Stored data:
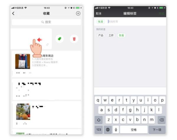 在收藏界面中,向左滑动列表便可以出现「标签」及「删除」符号按键。点击「标签」便可以为该内容选择标签或添加标签。同时,由于微信收藏的空间有限,仅为 2GB。整理笔记的同时,也要及时剔除已经过期的笔记,保证有足够的空间添加新内容。
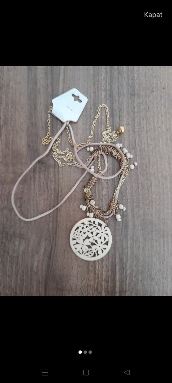 Uzun bej renkte, boncuk ve nakış detaylı bohem tarza uygun kolye, günlük kullanım için idealdir.
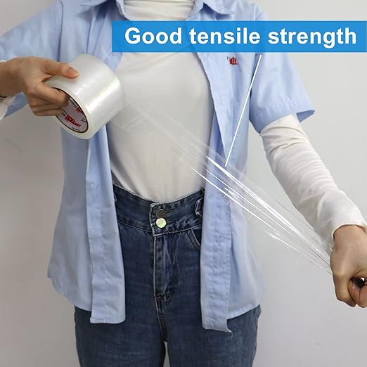- EASY TO USE: Our 2.4mil thick clear tape is very good in thickness and toughness, will not tear or split easily. Provides excellent holding power for heavy-duty packaging and shipping. Strong seal on all box types, including harder-to-stick-to 100% recycled boxes. It' s easy to open, unwind and suitable for all standard tape dispensers and tape guns
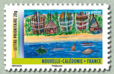 L’artiste a tenu à réunir les grandes images qui font la spécificité de cette île, comme le centre culturel Tjibaou, le pin colonnaire, ou le serpent tricot rayé. Dʹaprès Phil@Poste
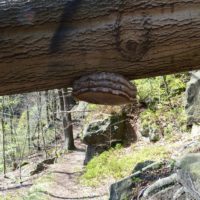 Im Gelobtbachtal wandern wir weiter Richtung Großer Zschirnstein. Den gilt es dann auch zu erklimmen, und dabei macht sich das Rucksackgewicht schon bemerkbar. Oben angekommen belohnen wir uns mit einer Mittagspause und genießen den fantastischen Ausblick. Wald soweit das Auge reicht, nur unterbrochen von den typischen Felsformationen des „Elbis“.
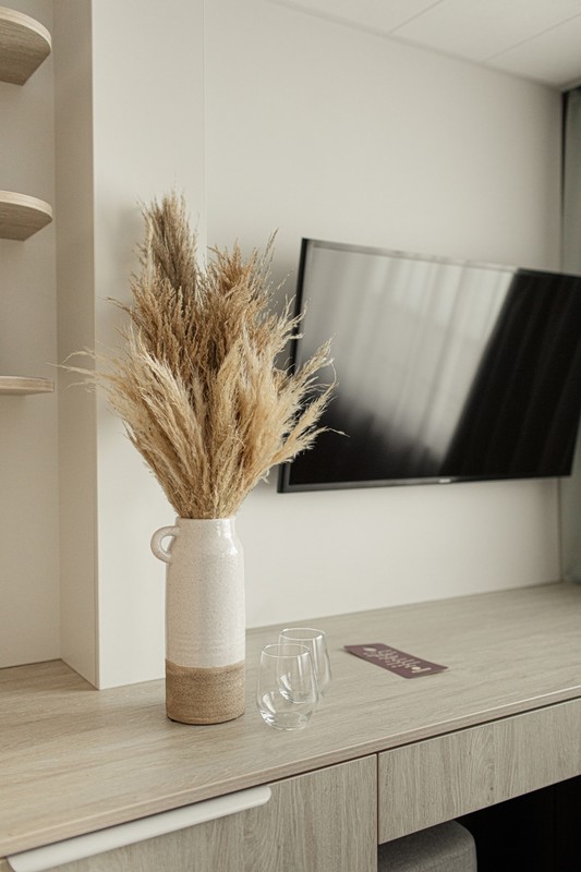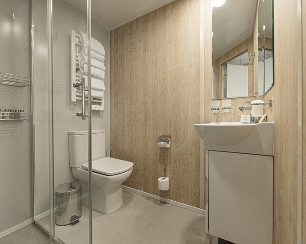 Во всех каютах: шкаф для одежды, радио, телевизор, фен, кондиционер, холодильник, душ, сейф, санузел, обзорное окно (в каютах нижней палубы — иллюминатор), электророзетка 220 V.

ASSIGNMENT:
Looking above, find the stretch of lines that opens with the one holding "- EASY TO USE: Our" and closes with the one holding "L’artiste a tenu". Copy it exactly, pictures excluded.

OUTPUT OF THE TASK:
- EASY TO USE: Our 2.4mil thick clear tape is very good in thickness and toughness, will not tear or split easily. Provides excellent holding power for heavy-duty packaging and shipping. Strong seal on all box types, including harder-to-stick-to 100% recycled boxes. It' s easy to open, unwind and suitable for all standard tape dispensers and tape guns
 L’artiste a tenu à réunir les grandes images qui font la spécificité de cette île, comme le centre culturel Tjibaou, le pin colonnaire, ou le serpent tricot rayé. Dʹaprès Phil@Poste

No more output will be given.